↓↓↓
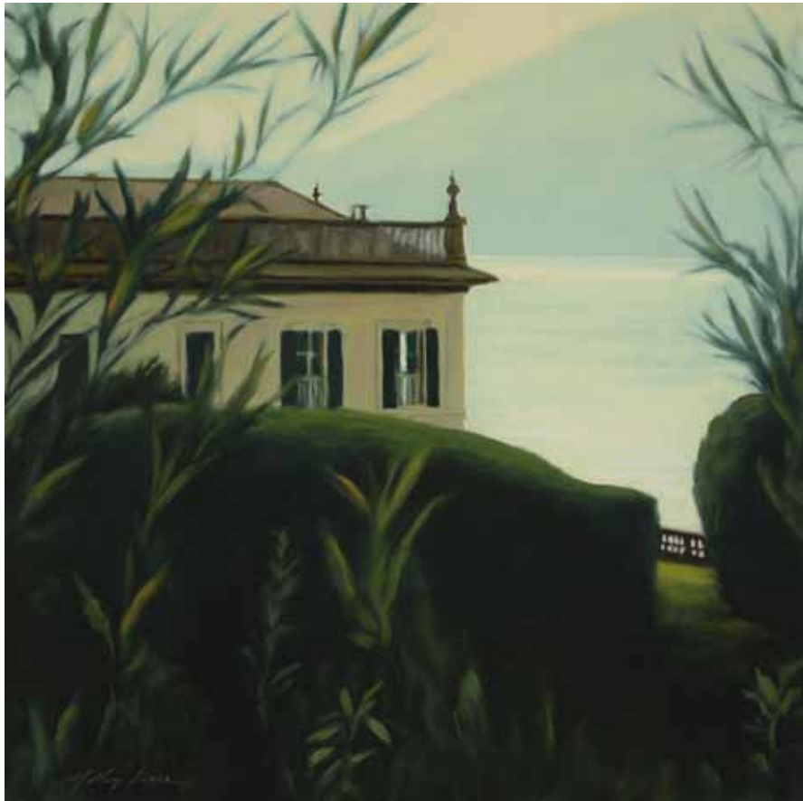
Summer Afternoon, Lake Como | 20 x 20" | LK732
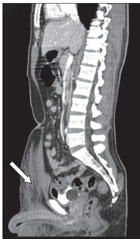
Fig. 3 Sagittal mesenteric CT angiogram done 24 hours after presentation to the emergency department shows an increase in the size of the subcutaneous haematoma (arrow).

and Enterobacter . Following a further ten days of antibiotics, the post-drainage wound defect was covered with a split-skin graft. The patient's fever resolved and he was discharged to a step-down care facility shortly after. At review six months after the accident, the patient was fully ambulant and the surgical wound on his left thigh had healed completely.
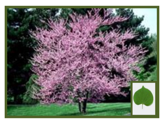
EASTERN Redbud ( Cercis canadensis ) Locations - #5, 9, 12 and 21
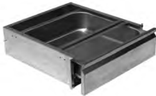
SPEC-MASTER® heavy duty drawer assembly
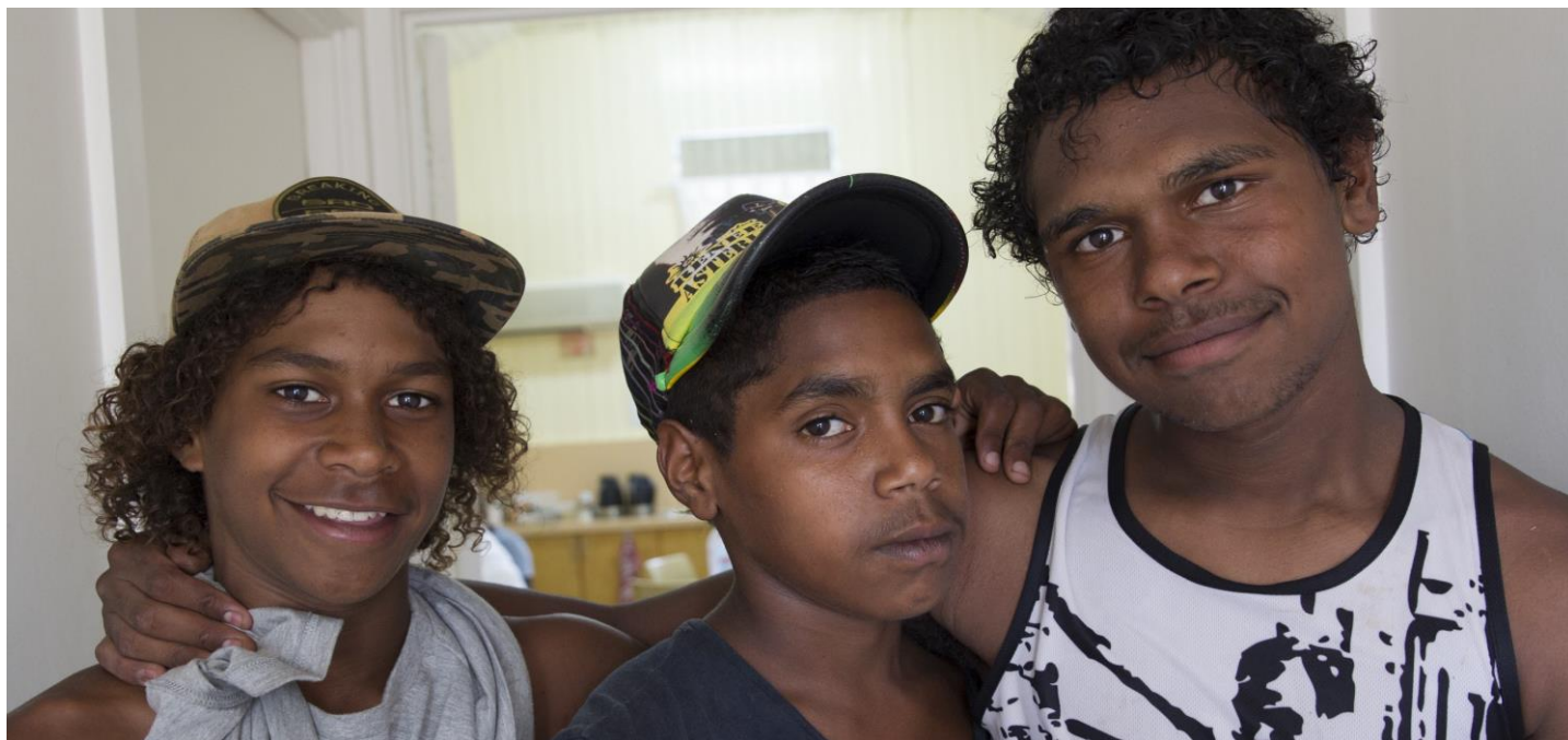
Students from the Barambah Creek Campus.
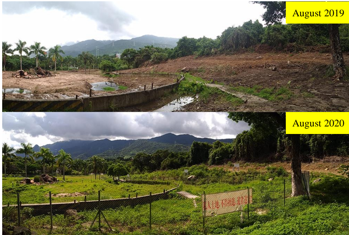
Figure 9 and 10 By comparing the condition of August 2019 with August 2020, signs of land excavation and vegetation clearance can still be observed, even though weeds were overgrown in some of the areas
↑↑↑
Everything in the entries must come back exactly, except the pictures.

Summer Afternoon, Lake Como | 20 x 20" | LK732
Fig. 3 Sagittal mesenteric CT angiogram done 24 hours after presentation to the emergency department shows an increase in the size of the subcutaneous haematoma (arrow).

and Enterobacter . Following a further ten days of antibiotics, the post-drainage wound defect was covered with a split-skin graft. The patient's fever resolved and he was discharged to a step-down care facility shortly after. At review six months after the accident, the patient was fully ambulant and the surgical wound on his left thigh had healed completely.
EASTERN Redbud ( Cercis canadensis ) Locations - #5, 9, 12 and 21
SPEC-MASTER® heavy duty drawer assembly
Students from the Barambah Creek Campus.
Figure 9 and 10 By comparing the condition of August 2019 with August 2020, signs of land excavation and vegetation clearance can still be observed, even though weeds were overgrown in some of the areas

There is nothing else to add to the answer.